• _ASSIGNED TASK_
Only the lines running from the line with "做法:银耳洗净撕小片,与莲子" to the end of the listing below should be copied, exactly, without pictures.

• _DATA BELOW_
****************************************

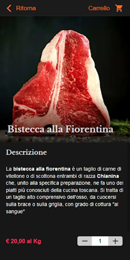 App of the Tuscan Butcher "La carne é Fantasia". Quick orders, recipes, curiosities about cooking and the preparation of meat in typical Tuscan cuisine.
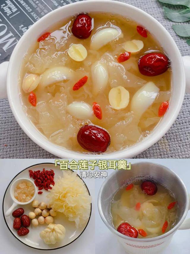 做法:银耳洗净撕小片,与莲子、红枣一起放入养生壶煮20分钟;出胶后放入洗净的百合、冰糖煮5分钟;最后加入枸杞再煮1分钟即可。
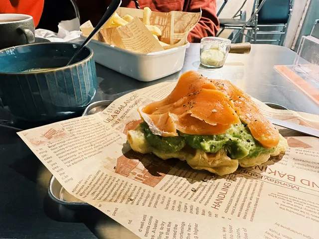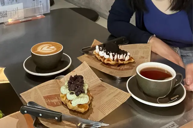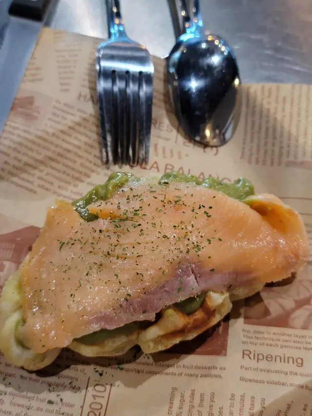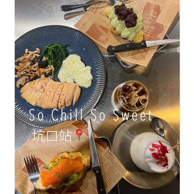 坑口村的小店 地方不大 環境清靜 裝修有格調很適合放假 chill 一 chill 主打輕食 夜晚4點後會有糖水 營業至12點 今次主要試試牛角包窩夫 Croffle點了一鹹一甜的試試 平日過來會有Weekday tea set •煙三文魚牛油果醬牛角包窩夫 $52牛角包烤得香脆不油膩 ,加上牛油果醬及柔軟的煙三文魚,口感豐富 好食 😋• 芒果忌廉牛角包窩夫       $45甜食~ 牛角包香脆,忌廉夠creamy,配上粒粒芒果,好食到想encore😋😋…查看更多
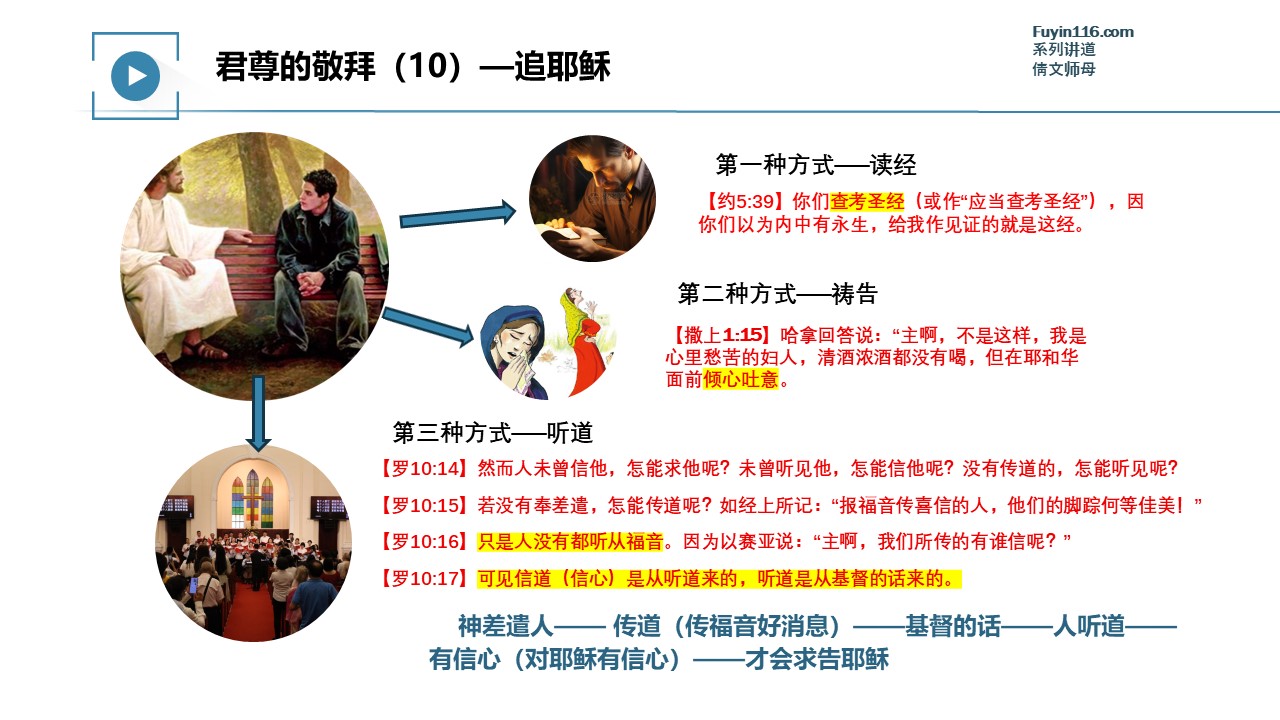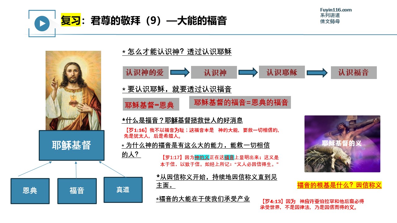 视频整理完成,我们就会把讲道视频共享出来,在此之前,可以观看上一讲《君尊的敬拜(09)大能的福音》的讲道视频:

****************************************

• _EXERCISE RESPONSE_
 做法:银耳洗净撕小片,与莲子、红枣一起放入养生壶煮20分钟;出胶后放入洗净的百合、冰糖煮5分钟;最后加入枸杞再煮1分钟即可。
 坑口村的小店 地方不大 環境清靜 裝修有格調很適合放假 chill 一 chill 主打輕食 夜晚4點後會有糖水 營業至12點 今次主要試試牛角包窩夫 Croffle點了一鹹一甜的試試 平日過來會有Weekday tea set •煙三文魚牛油果醬牛角包窩夫 $52牛角包烤得香脆不油膩 ,加上牛油果醬及柔軟的煙三文魚,口感豐富 好食 😋• 芒果忌廉牛角包窩夫       $45甜食~ 牛角包香脆,忌廉夠creamy,配上粒粒芒果,好食到想encore😋😋…查看更多
 视频整理完成,我们就会把讲道视频共享出来,在此之前,可以观看上一讲《君尊的敬拜(09)大能的福音》的讲道视频:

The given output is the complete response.